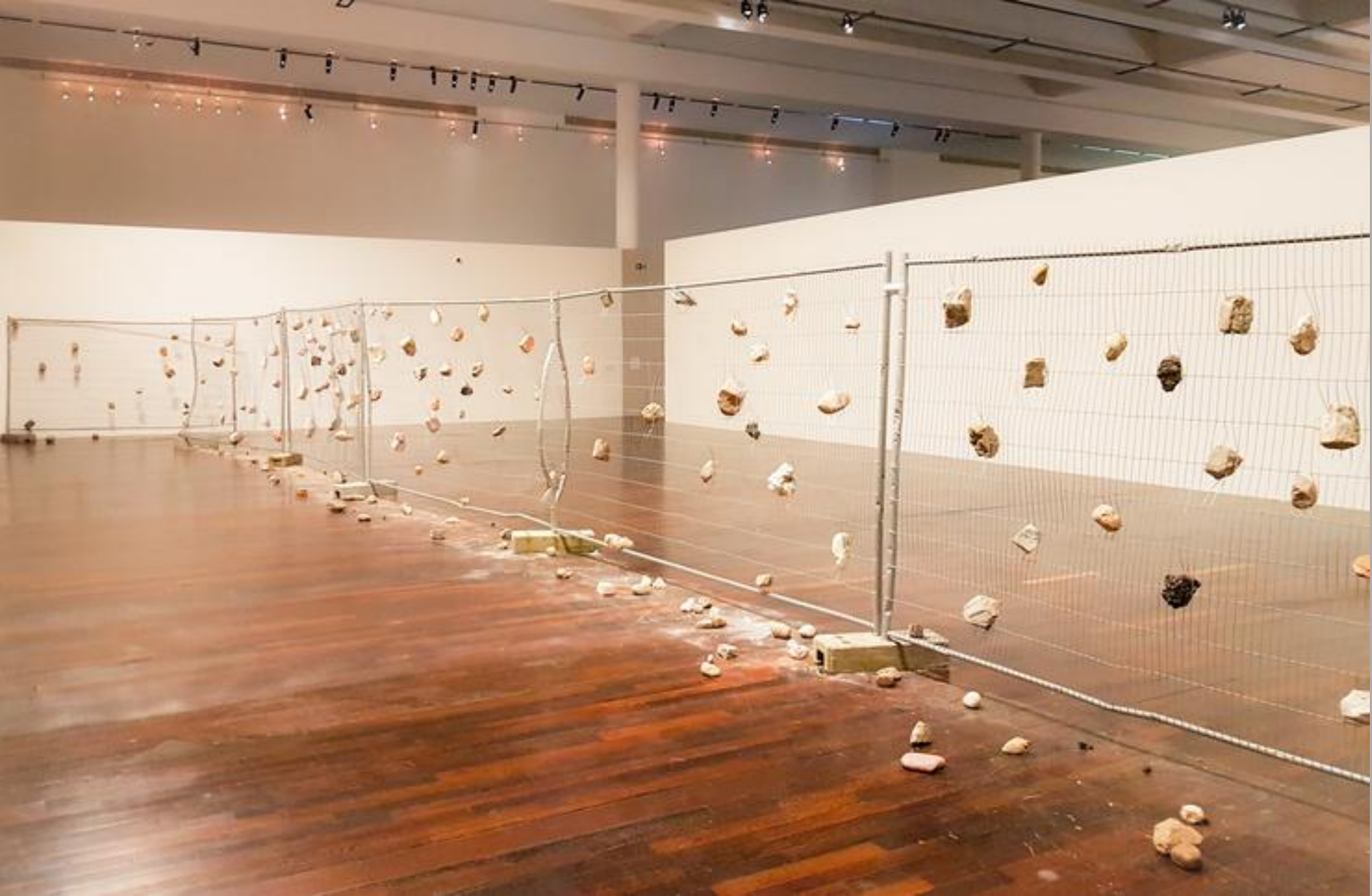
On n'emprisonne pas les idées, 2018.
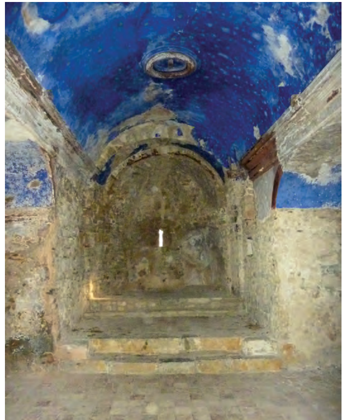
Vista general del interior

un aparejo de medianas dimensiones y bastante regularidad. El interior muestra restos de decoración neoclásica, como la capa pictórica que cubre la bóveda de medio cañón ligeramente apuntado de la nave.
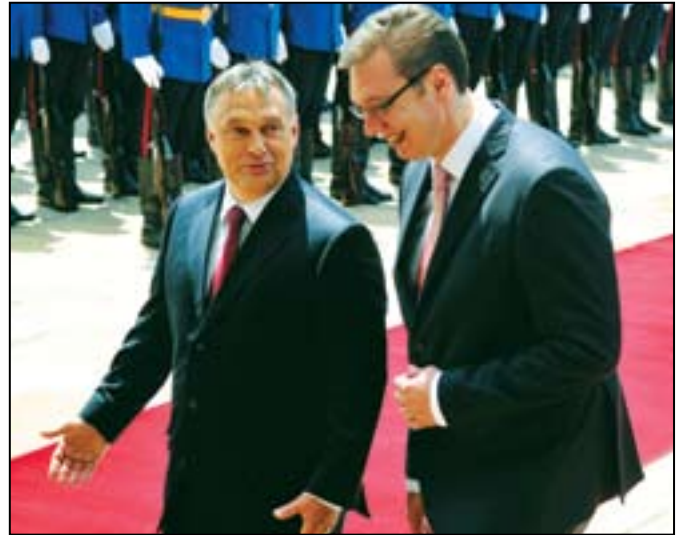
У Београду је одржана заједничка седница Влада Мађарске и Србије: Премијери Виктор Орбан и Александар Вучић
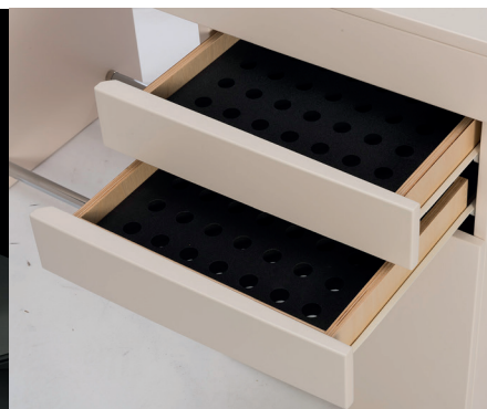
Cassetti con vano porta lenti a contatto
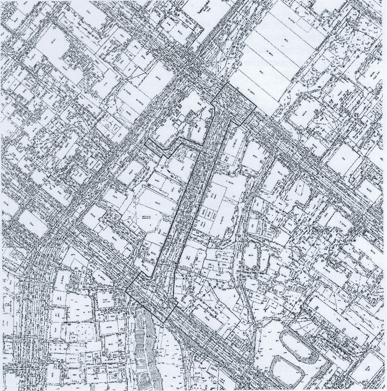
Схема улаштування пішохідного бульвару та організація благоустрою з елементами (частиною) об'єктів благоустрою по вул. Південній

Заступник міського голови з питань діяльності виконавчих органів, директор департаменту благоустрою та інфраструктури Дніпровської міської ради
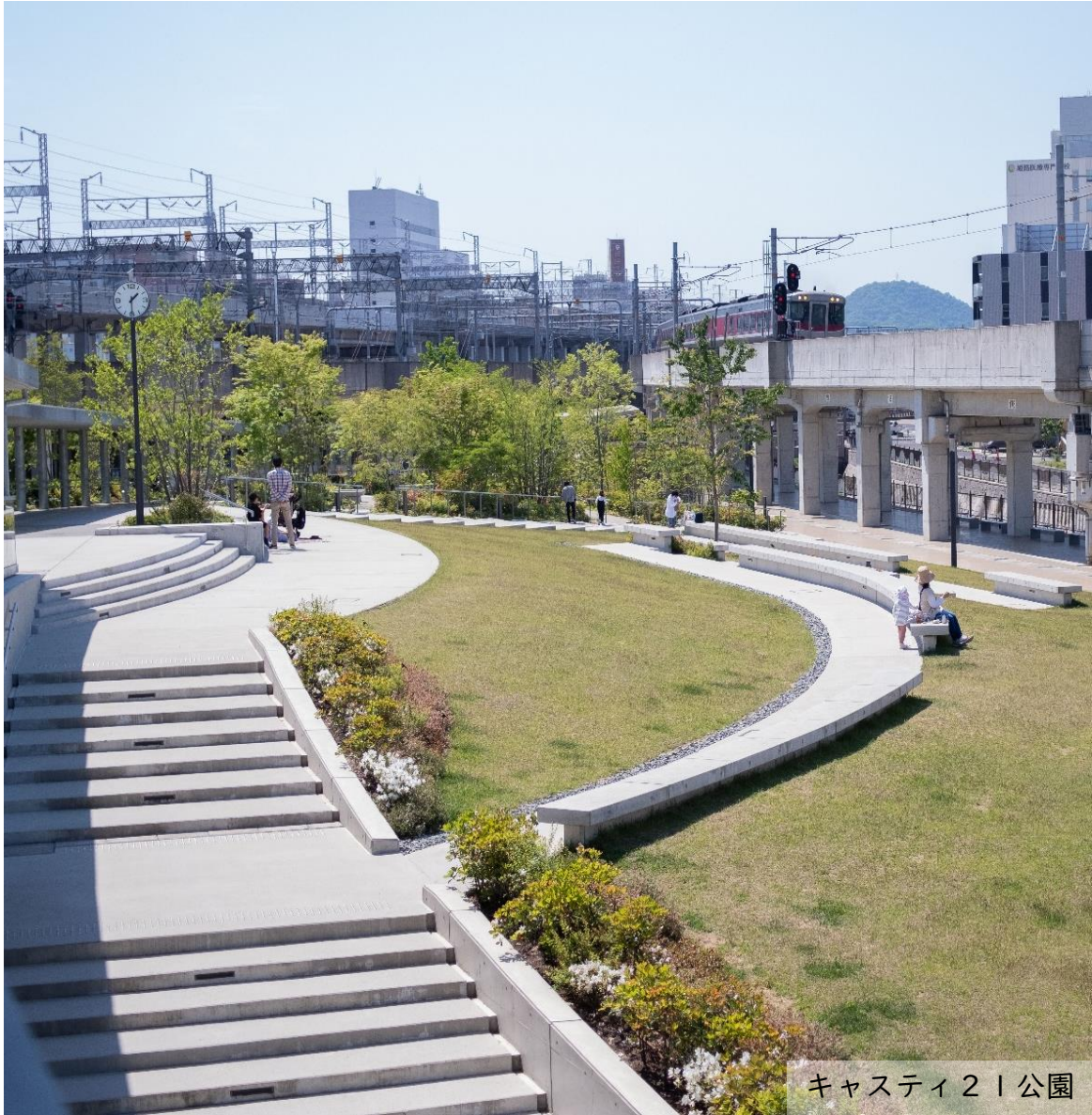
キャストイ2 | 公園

=======

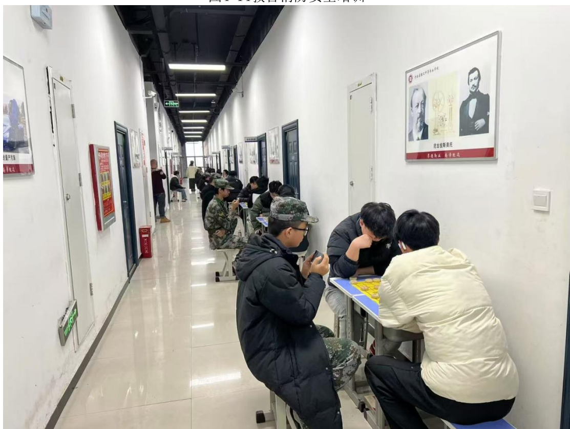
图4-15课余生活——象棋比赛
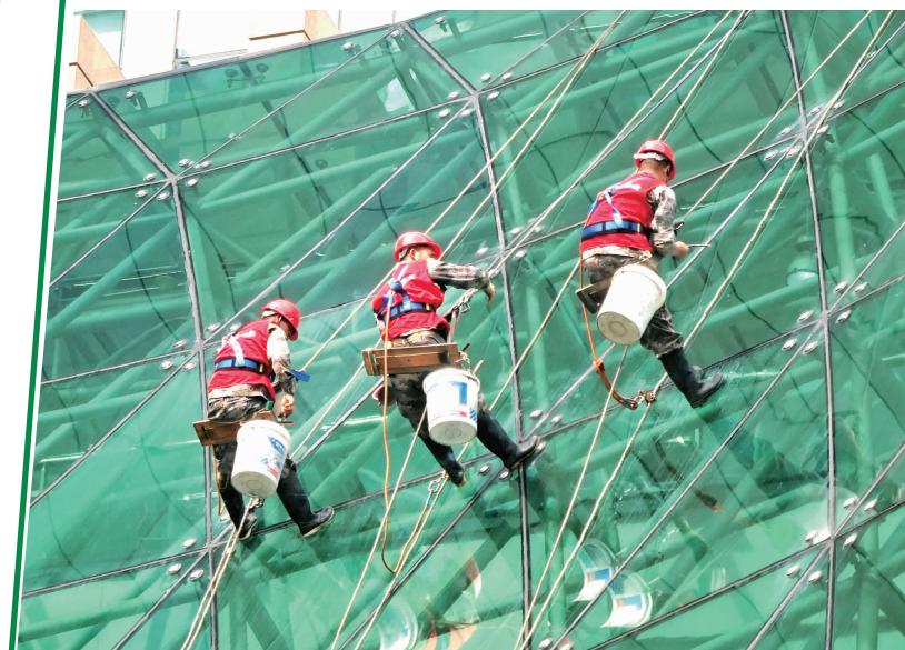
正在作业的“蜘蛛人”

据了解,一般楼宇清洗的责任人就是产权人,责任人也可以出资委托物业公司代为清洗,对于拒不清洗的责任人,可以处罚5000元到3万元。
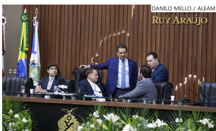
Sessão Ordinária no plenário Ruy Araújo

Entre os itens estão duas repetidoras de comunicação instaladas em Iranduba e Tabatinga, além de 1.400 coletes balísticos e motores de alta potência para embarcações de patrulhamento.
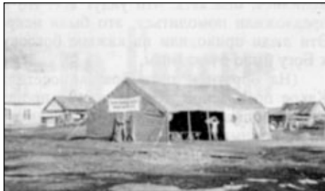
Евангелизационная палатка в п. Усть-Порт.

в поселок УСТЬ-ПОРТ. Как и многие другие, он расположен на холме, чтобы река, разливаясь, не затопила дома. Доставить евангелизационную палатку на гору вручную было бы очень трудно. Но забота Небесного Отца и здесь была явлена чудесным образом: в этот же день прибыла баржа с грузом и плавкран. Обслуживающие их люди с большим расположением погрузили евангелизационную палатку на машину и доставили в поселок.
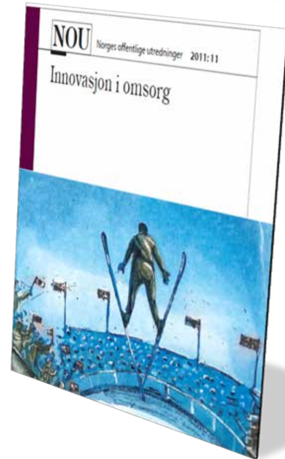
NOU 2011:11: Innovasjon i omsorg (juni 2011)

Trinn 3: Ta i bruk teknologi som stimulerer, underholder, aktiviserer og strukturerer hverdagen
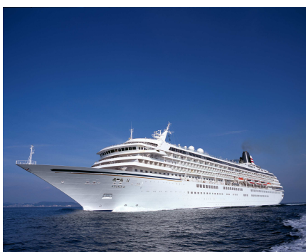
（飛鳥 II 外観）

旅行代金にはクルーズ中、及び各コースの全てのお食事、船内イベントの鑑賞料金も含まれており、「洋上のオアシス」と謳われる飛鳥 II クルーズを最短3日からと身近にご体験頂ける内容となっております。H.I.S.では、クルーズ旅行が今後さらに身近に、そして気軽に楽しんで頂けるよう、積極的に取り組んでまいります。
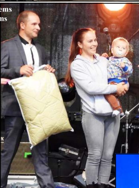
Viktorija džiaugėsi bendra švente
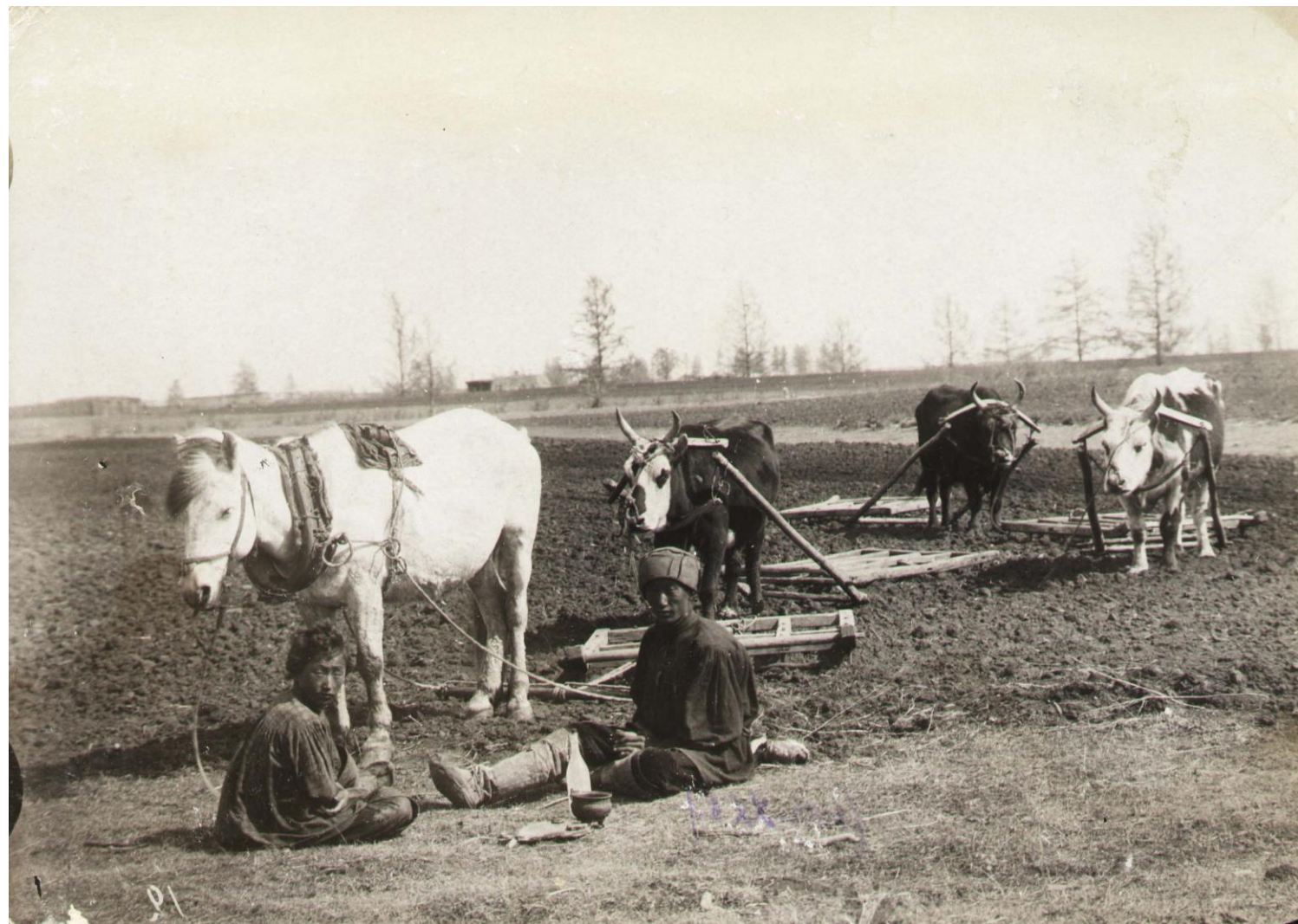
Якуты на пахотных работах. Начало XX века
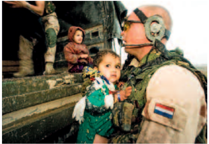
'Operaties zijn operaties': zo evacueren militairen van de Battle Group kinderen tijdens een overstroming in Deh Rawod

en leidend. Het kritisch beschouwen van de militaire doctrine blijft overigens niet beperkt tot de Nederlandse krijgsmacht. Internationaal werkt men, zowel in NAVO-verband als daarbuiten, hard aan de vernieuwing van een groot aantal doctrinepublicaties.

=======

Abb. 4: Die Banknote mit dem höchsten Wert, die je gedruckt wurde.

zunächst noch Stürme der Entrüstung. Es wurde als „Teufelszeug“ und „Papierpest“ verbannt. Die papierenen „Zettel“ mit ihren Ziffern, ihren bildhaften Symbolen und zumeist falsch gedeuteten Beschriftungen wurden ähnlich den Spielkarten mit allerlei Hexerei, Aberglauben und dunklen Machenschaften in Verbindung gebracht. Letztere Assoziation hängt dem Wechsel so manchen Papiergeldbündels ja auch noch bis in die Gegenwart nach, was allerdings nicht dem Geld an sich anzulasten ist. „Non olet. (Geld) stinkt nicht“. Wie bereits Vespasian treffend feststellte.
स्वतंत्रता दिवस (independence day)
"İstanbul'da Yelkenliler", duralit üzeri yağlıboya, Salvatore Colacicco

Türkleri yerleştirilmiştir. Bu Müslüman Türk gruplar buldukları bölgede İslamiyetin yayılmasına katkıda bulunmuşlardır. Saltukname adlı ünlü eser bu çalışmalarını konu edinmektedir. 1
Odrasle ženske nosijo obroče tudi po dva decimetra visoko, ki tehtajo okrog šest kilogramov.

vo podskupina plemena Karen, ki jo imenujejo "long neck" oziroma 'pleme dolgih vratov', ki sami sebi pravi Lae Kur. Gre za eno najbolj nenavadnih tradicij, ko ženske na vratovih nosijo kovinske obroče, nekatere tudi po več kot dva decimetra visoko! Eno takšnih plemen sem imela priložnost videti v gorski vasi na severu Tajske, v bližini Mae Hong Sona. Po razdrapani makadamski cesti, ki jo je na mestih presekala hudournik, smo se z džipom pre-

=======

Given the data above, which lines hold the string "decimetra"? Return them.

● Reply
Odrasle ženske nosijo obroče tudi po dva decimetra visoko, ki tehtajo okrog šest kilogramov.
vo podskupina plemena Karen, ki jo imenujejo "long neck" oziroma 'pleme dolgih vratov', ki sami sebi pravi Lae Kur. Gre za eno najbolj nenavadnih tradicij, ko ženske na vratovih nosijo kovinske obroče, nekatere tudi po več kot dva decimetra visoko! Eno takšnih plemen sem imela priložnost videti v gorski vasi na severu Tajske, v bližini Mae Hong Sona. Po razdrapani makadamski cesti, ki jo je na mestih presekala hudournik, smo se z džipom pre-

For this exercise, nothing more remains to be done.